View larger version (18K): In this window In a new window Download PPT slide   Figure 1. Colony assay to determine the stability of CAG repeat tracts. Depicted at the top are the two tract orientations used in this study: tract C, which uses CAG as the template for lagging strand synthesis directed by the upstream ARS element, and tract D, which uses CTG as the template for lagging strand synthesis. A cell harboring a tract with 71 repeat units is shown in the diagram. When such a cell divides to form a colony, designated as a parental colony, sectors of cells originating from a cell having undergone a tract length change radiate outward. The numbers in or near the sectors represent the length of the altered tracts in the number of repeat units. Most of these changes are contractions, but tract expansions (shown here as a small sector with a tract length of 74 repeat units) also occur. When the parental colony is dispersed into single cells and plated on an agar dish, sibling colonies arise (represented at the bottom as small mounds on a schematized agar plate). The length of the repeat tracts within the individual sibling colonies is ascertained by PCR (see Figure 2 and Figure 3). Many sibling colonies retain the parental tract length, as indicated by a parental-size PCR product. The products arising from the sectors do not contain the parental-size product, but they contain one of the altered length. For purposes of determining the frequency with which tracts undergo length changes in the parental colonies, the fraction of sibling colonies that lacks the parental-size product is used as a metric because they represent changes that have occurred during parental colony growth. Tracts may be so unstable that changes occur soon after plating of sibling cells; these examples are revealed in the PCR products by the retention of the parental product plus a product of an altered size (see Figure 2 and Figure 3). These are depicted in the diagram by a stack of two numbers. For purposes of quantitation, these are not used because they represent changes that occur after parental colony formation. To make comparisons among frequency values more reliable, we permitted the parental colonies to reach a uniform size of ~5 x 106 cells.

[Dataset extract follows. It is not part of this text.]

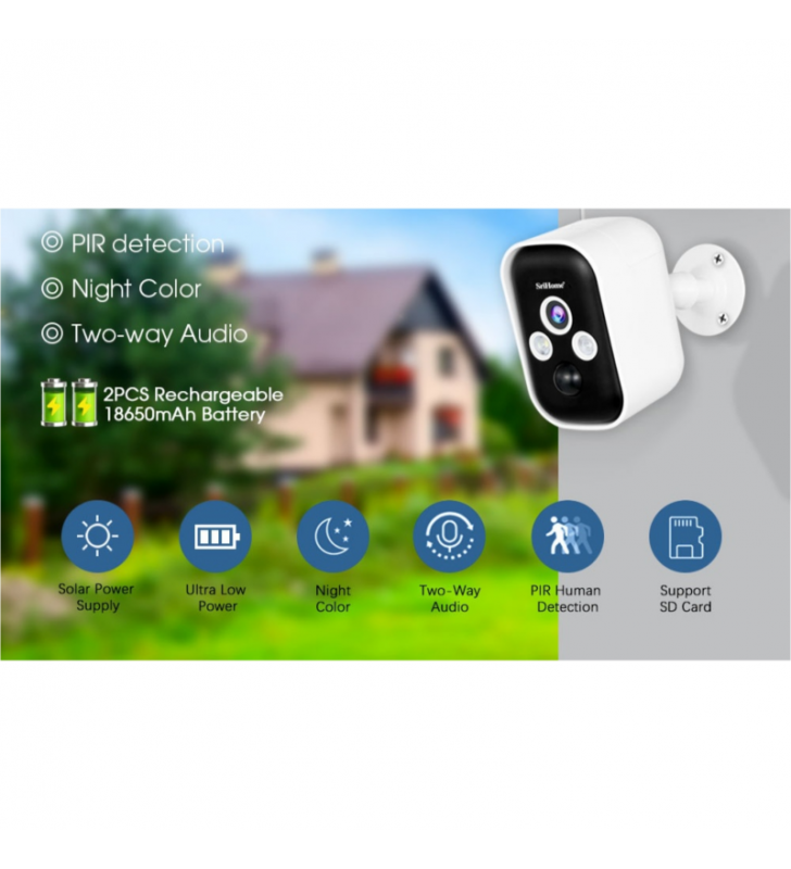 Νέο σύστημα ασφαλείας SH033B από την <strong>Srihome</strong>. Διαθέτει εύκολη ασύρματη εγκατάσταση, ενώ η κάμερα λειτουργεί με <strong>2</strong> επαναφορτιζόμενες μπαταρίες 18650 (συμπεριλαμβανονται) , για να μην χρειάζεστε συνεχώς τροφοδοσία ρεύματος.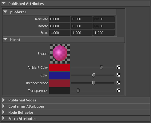 With the Asset Editor you can publish swatches (for example, a swatch for a blinn shading node) by publishing the node’s associated message attribute. Swatches provide you with visual feedback on shading node properties.

The various replication mutations were all introduced into wild-type SSL204a and using the two-step replacement method (SCHERER and DAVIS 1979 ). Cloned copies of mutant alleles were obtained as YIp5 derivatives or eventually subcloned into YIp5. The alleles were generous gifts from the following sources: pol1-1 (PIZZAGALLI et al. 1988 ) from G. Lucchini; pol1-17 (BUDD and CAMPBELL 1987 ), pol2-18 (ARAKI et al. 1992 ), and pol3-14 (GIOT et al. 1995 ) from J. Haber; pol2-4 (MORRISON et al. 1991 ) and pol3-01 (MORRISON et al. 1993 ) from A. Sugino; and pol30-52 (AYYAGARI et al. 1995 ), pol30-79, and pol30-90 (EISSENBERG et al. 1997 ) from P. Burgers. Potential mutants were screened when possible by identifying phenotypes such as temperature or methyl methanesulfonate (MMS) sensitivity, and were then confirmed by sequencing (primers and sequences available upon request). The strains containing the replication mutations were then mated to strains containing the CAG repeat tracts, and the resulting diploids were sporulated. Spores containing the repeat tract and the replication mutation provided isogenic strains with repeat tracts of the same length. In general, we used two or more spores from the matings that placed repeat tracts in the replication mutants for subsequent studies. In the case of pol30-52, a long repeat tract in the D orientation containing 71 repeat units could not be recovered because of the severe instability of the repeat tract in this mutant, so shorter repeat tract lengths were used for this part of the study.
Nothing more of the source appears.